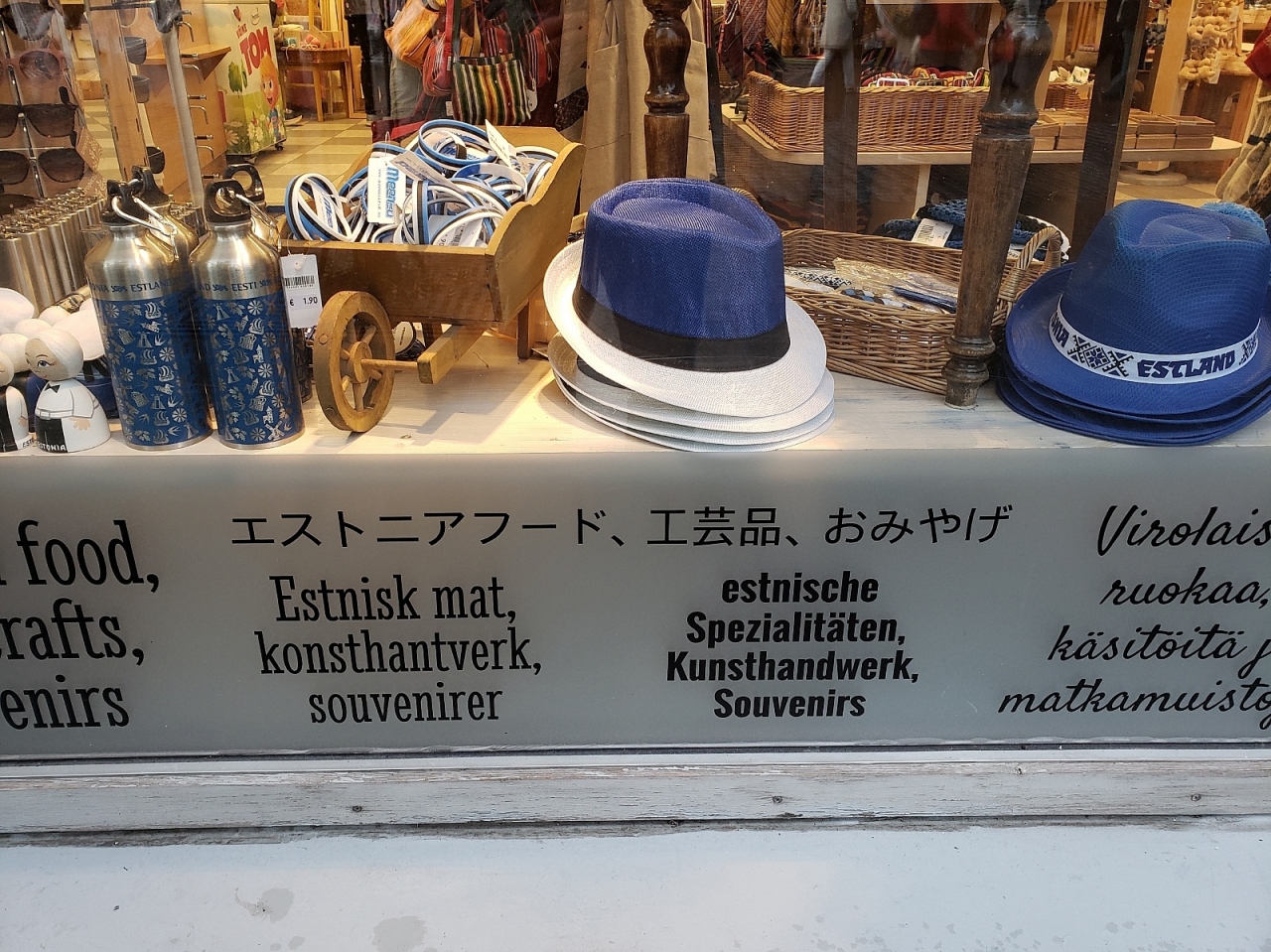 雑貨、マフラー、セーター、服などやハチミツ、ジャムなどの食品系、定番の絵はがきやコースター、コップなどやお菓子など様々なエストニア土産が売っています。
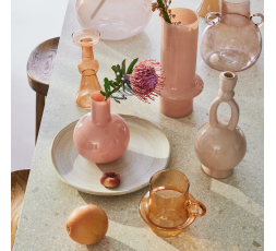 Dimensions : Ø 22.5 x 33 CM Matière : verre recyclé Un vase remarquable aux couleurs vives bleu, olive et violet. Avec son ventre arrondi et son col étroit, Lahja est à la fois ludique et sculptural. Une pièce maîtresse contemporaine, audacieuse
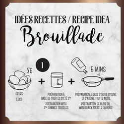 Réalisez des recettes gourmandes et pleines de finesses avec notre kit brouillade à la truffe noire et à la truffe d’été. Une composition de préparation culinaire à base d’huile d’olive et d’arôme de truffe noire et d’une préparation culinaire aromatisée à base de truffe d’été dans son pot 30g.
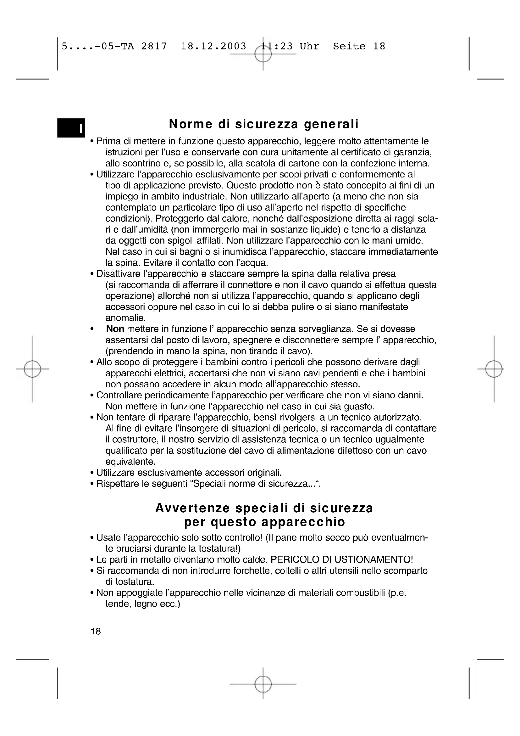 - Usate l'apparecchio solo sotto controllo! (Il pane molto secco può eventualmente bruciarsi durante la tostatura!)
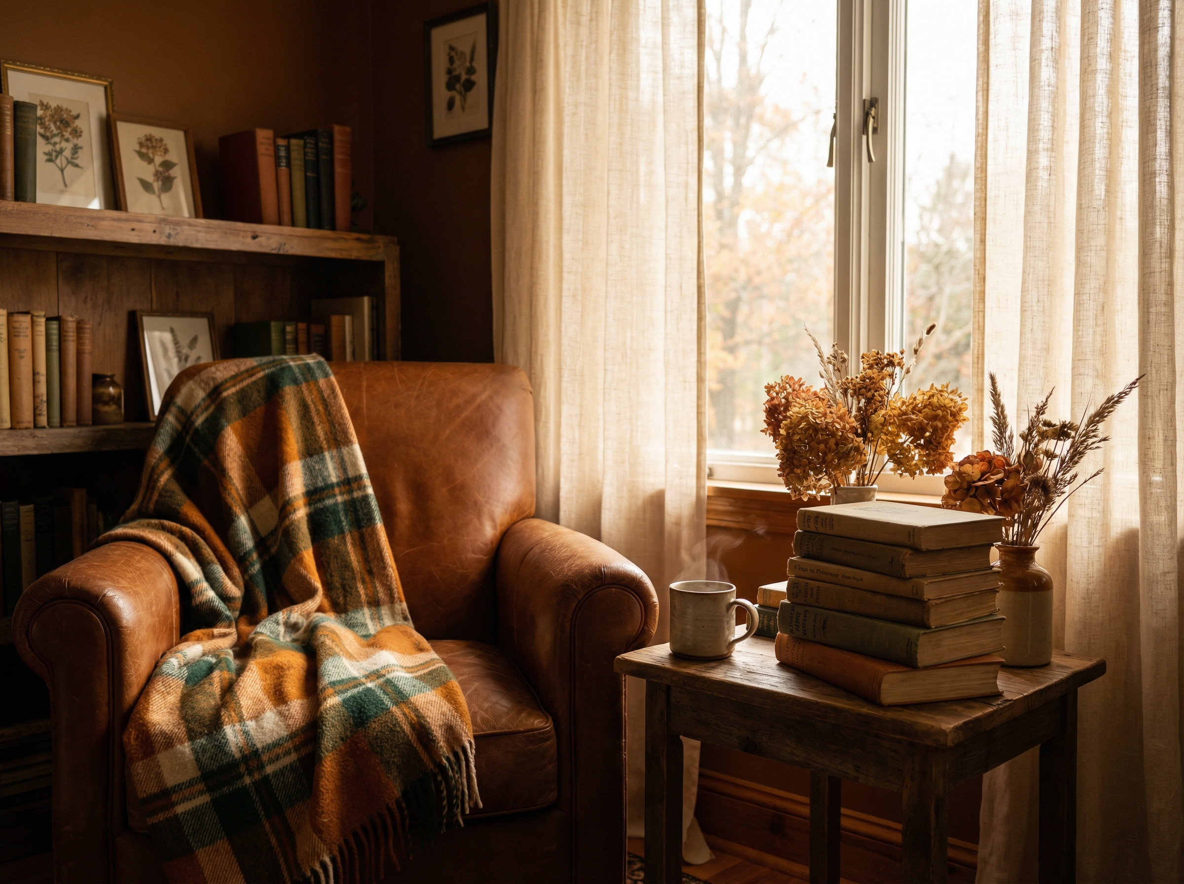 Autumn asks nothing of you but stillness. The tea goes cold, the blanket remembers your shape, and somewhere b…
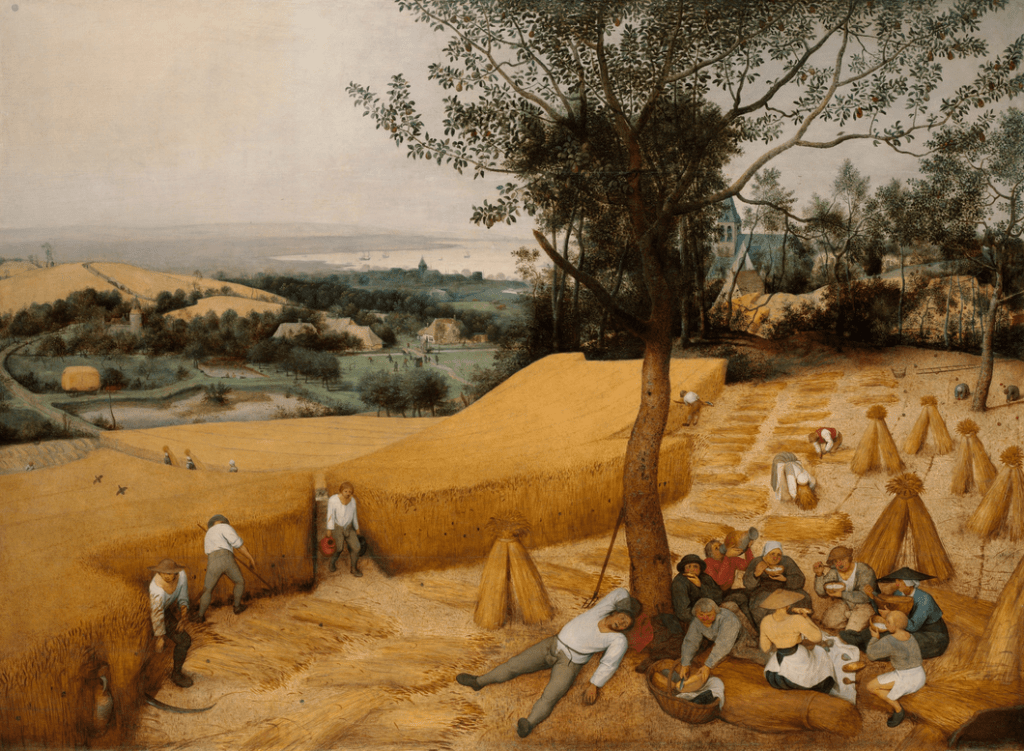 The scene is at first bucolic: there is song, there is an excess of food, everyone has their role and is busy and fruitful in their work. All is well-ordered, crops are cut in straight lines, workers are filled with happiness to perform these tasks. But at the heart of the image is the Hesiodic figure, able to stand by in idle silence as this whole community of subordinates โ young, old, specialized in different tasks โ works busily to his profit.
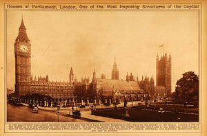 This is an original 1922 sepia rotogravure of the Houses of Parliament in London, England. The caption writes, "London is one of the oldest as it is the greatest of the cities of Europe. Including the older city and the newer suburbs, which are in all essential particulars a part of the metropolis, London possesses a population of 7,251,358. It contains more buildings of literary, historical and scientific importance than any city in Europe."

* * * * * * * * *

GOAL OF THE EXERCISE: "Dimensions : Ø" marks the last line to keep. Retype every line from the start of the entries through that one, exactly, and drop the pictures.

TASK OUTPUT:
 雑貨、マフラー、セーター、服などやハチミツ、ジャムなどの食品系、定番の絵はがきやコースター、コップなどやお菓子など様々なエストニア土産が売っています。
 Dimensions : Ø 22.5 x 33 CM Matière : verre recyclé Un vase remarquable aux couleurs vives bleu, olive et violet. Avec son ventre arrondi et son col étroit, Lahja est à la fois ludique et sculptural. Une pièce maîtresse contemporaine, audacieuse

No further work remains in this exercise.